“顧寧!”長孫封騰喉嚨之中幹澀嘶啞,低頭看著懷裏安穩閉上眼睛的女子。(.)麺魗羋浪


    她半張秀淨的臉上帶著一種安慰之色,陰涼的月色穿透小樹林的殘枝,暗淡的光斑打在她的臉上,隱約可見眼角閃爍著點點晶瑩的淚光。
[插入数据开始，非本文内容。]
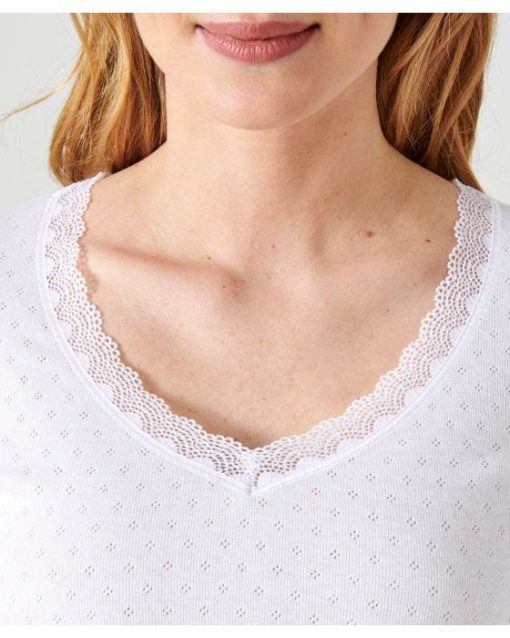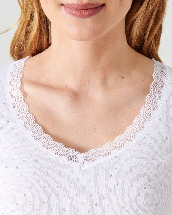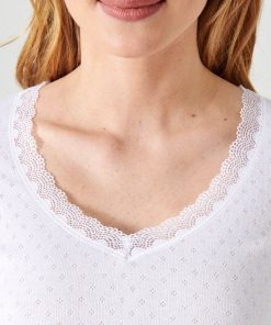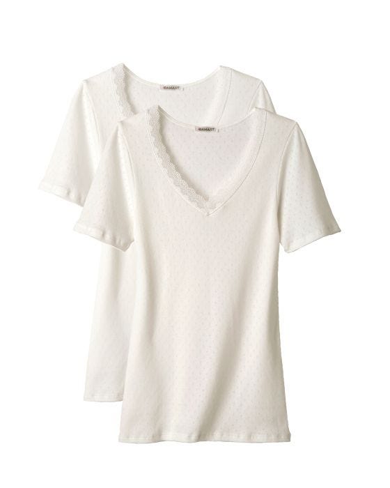 Femme Men’s Lot De 2 T-shirts Essential Maille Jacquard Et Dentelle Pur Coton Peigné – T Shirt De Dessous – Damart.fr | Blanc

    這女子如此堅強,意誌力尚且存在的時候,強硬忍著那一股子的痛苦,咬牙往心裏吞,這會兒昏厥過去,身體才做出反應,眼角淌下淚水。


    長孫封騰看著顧寧在自己懷裏昏過去,手裏的繩子寸寸變緊,即便是心中擔心,但是事有輕重緩急,繩子的那端,還栓著兩條性命。


    “楊副隊,抓緊!”長孫封騰一聲低沉的喝聲,五指如鋼鐵,先是在手上繞了幾道,然後緊接著將繩子在腰間繞了一圈,緊緊的綁住自己,重心下沉,一點點的將楊瞻禮從淤泥之中拔了出來。


    河水褪到了胸口處,楊瞻禮這才緩了一口氣,拖動自己沉重的身體,早已失去知覺凍得烏黑青紫的手幾乎和傅紹卿的衣服黏在了一起。


    “隊……隊長……”楊瞻禮一開口,牙齒便開始打顫,“傅……傅紹卿……犧牲……了……”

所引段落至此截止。